V8 as the most popular JavaScript Engine

V8 is a JavaScript engine developed by Google. It’s an open-source project, written in C++. V8 can be used as standalone too.

Here is the quick overview of the V8 JavaScript Engine anatomy discussed.
An excerpt from the blog that I really found informative:
Excerpt starts here:

The main processes are Parser, Ignition, and TurboFan. Let’s go a little on each process to see how it works.

The first step is to convert into AST (Abstract Syntax Tree). The V8’s parser does that job, it takes the code and parses it into AST.
Abstract Syntax Tree is a tree representation of the source code.

There are two steps in this phase,
• Lexical Analysis
• Syntactical Analysis

Lexical Analysis
Before we parse the code into an Abstract syntax tree, we first convert it into Tokens. This conversion to tokens happens in Lexical Analysis.
A Scanner consumes a stream of Unicode characters, combine it into tokens, and remove all the whitespace, newlines and comments, etc.
These tokens are keywords, operators, etc.

Syntax Analysis
Once the engine converts your code into tokens, it’s time to convert it into Abstract Syntax Tree. This phase is called Syntax Analysis.
The tokens are converted into Abstract Syntax Tree using V8’s Parser and the language syntax validation also happens during this phase.

The heart of the V8 engine is Ignition and TurboFan.
Ignition is the component that helps to interpret your bytecode.
Once the engine has AST, it sends this tree to Ignition which converts it into bytecode. Then this bytecode is interpreted by a high-performance interpreter.

Ignition has a swift startup time, and the bytecode it produces is very small, so V8 uses it to execute the code on page load.

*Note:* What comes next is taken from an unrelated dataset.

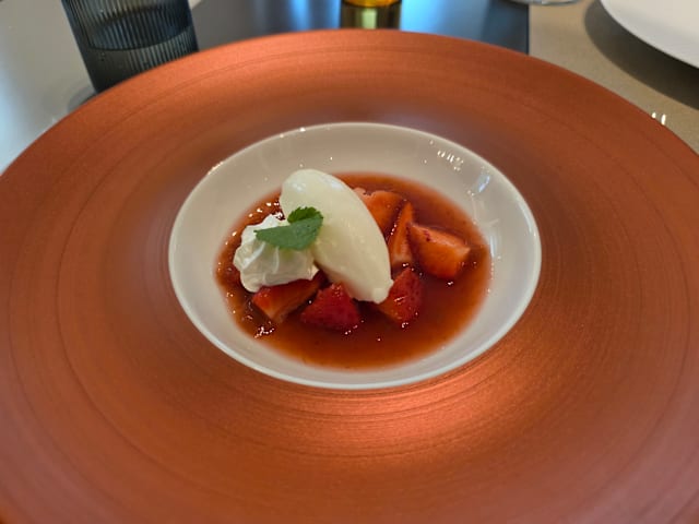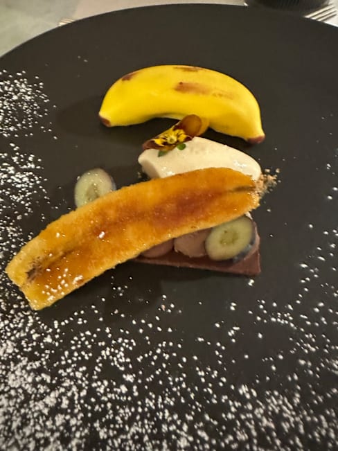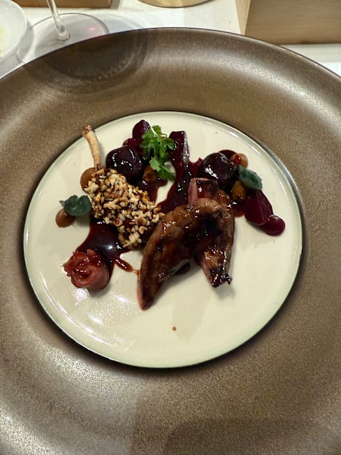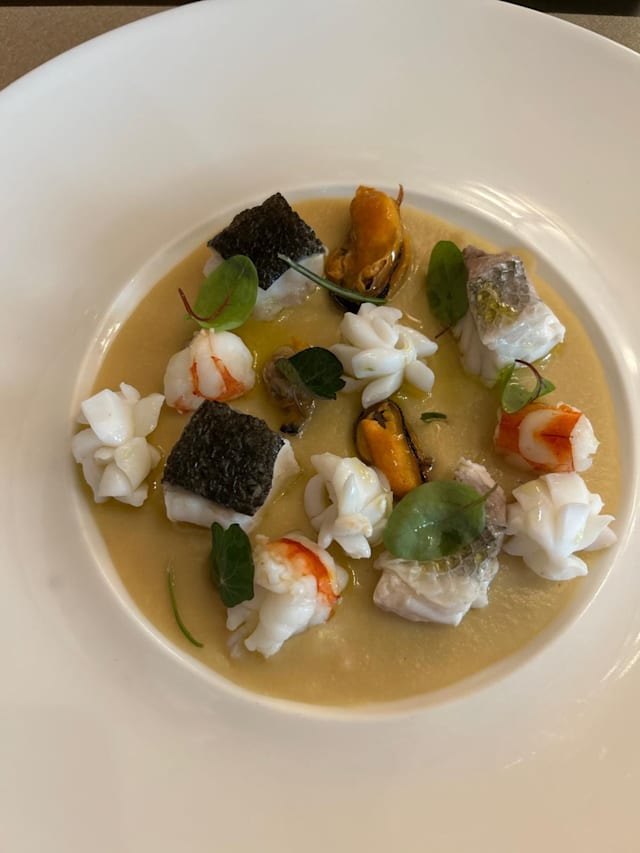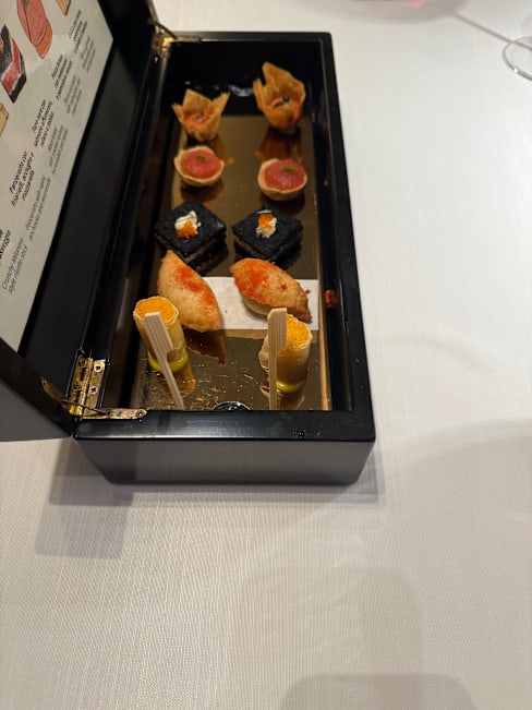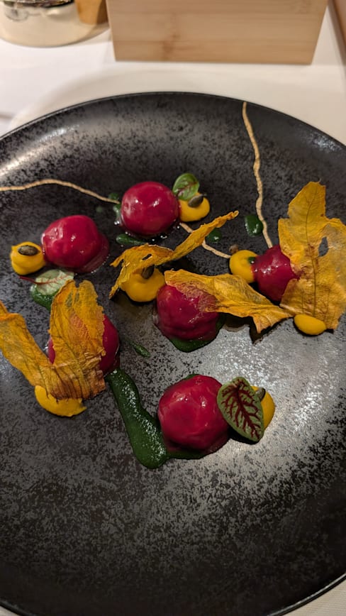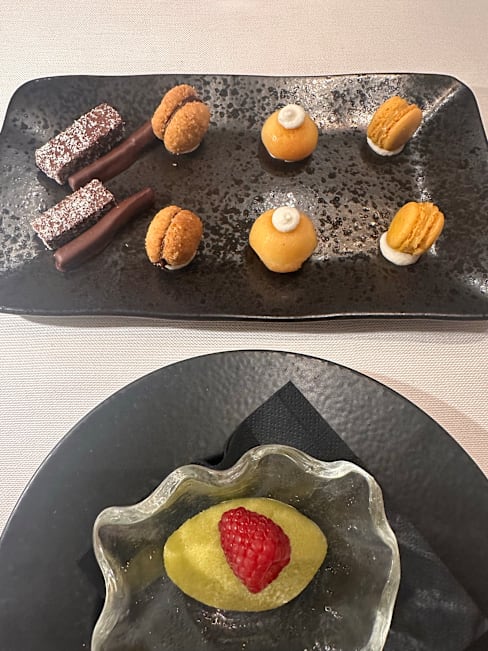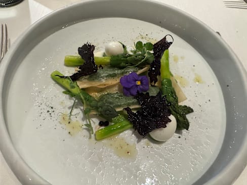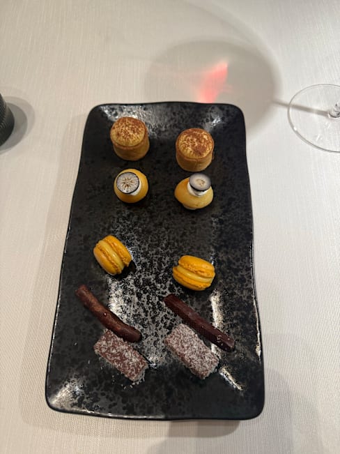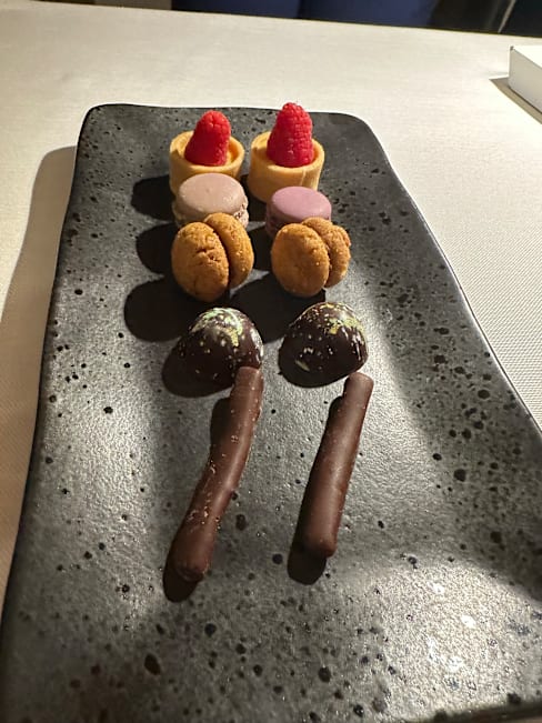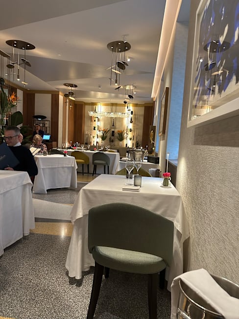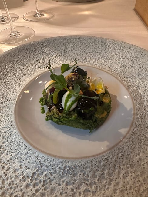 8.5/10+1The food was pretty good the starters came in a box and were very good. We also enjoyed the appetizers. The 2nd course was bland. I had gnocchi with blue cheese, the gnocchi were tasteless and the blue cheese I found bitter and strong. My wife had the risotto that was nice but a bit salty. By the time the main course came we were so full it was hard to fully enjoy. The black cod was excellent, the vegetables and all the little extras were also excellent. Same with dessert. The service was very attentive and plating was incredibly. The wines were nice. The ambience was understated and elegant. It was fun to try a Michelin starred restaurant,

Ignition is used for the infrequent code because the performance comes at a cost and V8 doesn’t want to consume a lot of memory.

TurboFan is an optimizing Compiler, which compiles your code to an optimized Machine language. It generates an extremely fast Machine Code. It does this with the help of assumptions (we will get into this in a while).
Since the TurboFan generates an optimized Machine Code, the V8 uses TurboFan to produce an optimized version of frequently used code.

Excerpt ends.
Indeed JavaScript is the most popular programming language in the world, so it’s no wonder that JavaScript is one of the most sought-after skills in the web development industry today.